The boundaries are now pushing back. And, at thirteen, they have the weight of an almost adult behind them. A proto-man who has his own mind and directions and preferences that I am now required to respect. Either that, or be prepared to count my fingers and come up with an odd number.***
I didn’t videotape the experience. I didn’t post it to Facebook. But for a bitter, self-indulgent, desperately tired moment I wanted to. I wanted the pity of nations and the poor-me sympathy of automatic outrage served up on a platter for autism families everywhere. It would feel so good, so soothing to be told I was right. That they were wrong.

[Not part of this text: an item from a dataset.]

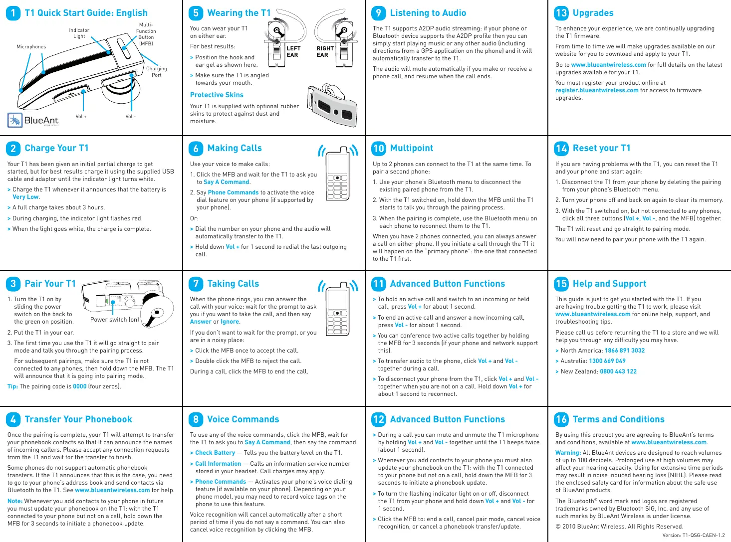 Fonctionnalités avancées des boutons > Maintenez les boutons Vol + et Vol - enfoncés en même temps pendant une seconde pendant un appel pour activer et désactiver le microphone de l’oreillette T1. > Chaque fois que vous ajouterez des contacts à votre téléphone, vous devrez mettre à jour l’annuaire de l’oreillette T1; l’oreillette T1 étant connectée à votre téléphone sans être sur un appel, maintenez le BMF enfoncé pendant 3 secondes afin d’initier une mise à jour de l’annuaire. > Pour allumer ou éteindre le voyant lumineux, déconnectez l’oreillette T1 de votre téléphone et maintenez les boutons Vol + et Vol - enfoncés pendant une seconde. Aide et assistance Ce guide est uniquement conçu pour vous aider à utiliser rapidement l’oreillette T1. En cas de problème avec votre oreillette T1, veuillez consulter le site www.blueantwireless.com pour obtenir de l’aide en ligne, de l’assistance technique ainsi que des conseils de dépannage. Veuillez nous appeler avant de retourner l’oreillette T1 au magasin où vous l’avez achetée. Nous vous aiderons à trouver une solution à votre problème. > Amérique du Nord : 1866 891 3032 > Australie : 1300 669 049 > Nouvelle-Zélande : 0800 443 122

That people should be more understanding.
!!!VINDICATION IS MINE!!!
But knowing I was the one who pushed my child through the doors when he’d already said, “No!” I knew who to blame.
And yet…
Being told to leave hurts. Every time. It hurts so very deep, in a place you can’t see and don’t want anyone to know is there. And every injury scars deeper than the last. Keloid patches leather your soul, making the effort to try again that much harder. It’s the smallest cuts that hurt the most; and a life with autism is death by a thousand cuts. With lemon juice squirted in for good measure. And a dash of salt.
So, while the rest of the world expands its horizons this weekend, I am weathering the storm at home, licking my wounds and trying not to be pitiful. Much.
Hopefully by next Friday, I’ll be ready to meet my childhood alter ego on the silver screen. I’ll have my silver arm bands ready and my lasso of truth set for introspection and self-revelation. And forgiveness. And I’ll be Wonder Woman once more.
Asterisk Bedazzled Footnotes:
*Internet Rage Fest–It’s the modern-day equivalent of Andy Warhol’s 15 minutes of fame except that it lasts forever and is shared until it reaches obscure corners of Outer Mongolia and beyond.
**Go ahead, try and scrapbook that image!
***Which my son would no doubt find oddly pleasing. He prefers odd numbers to even. He thinks numbers divisible by two are the devil.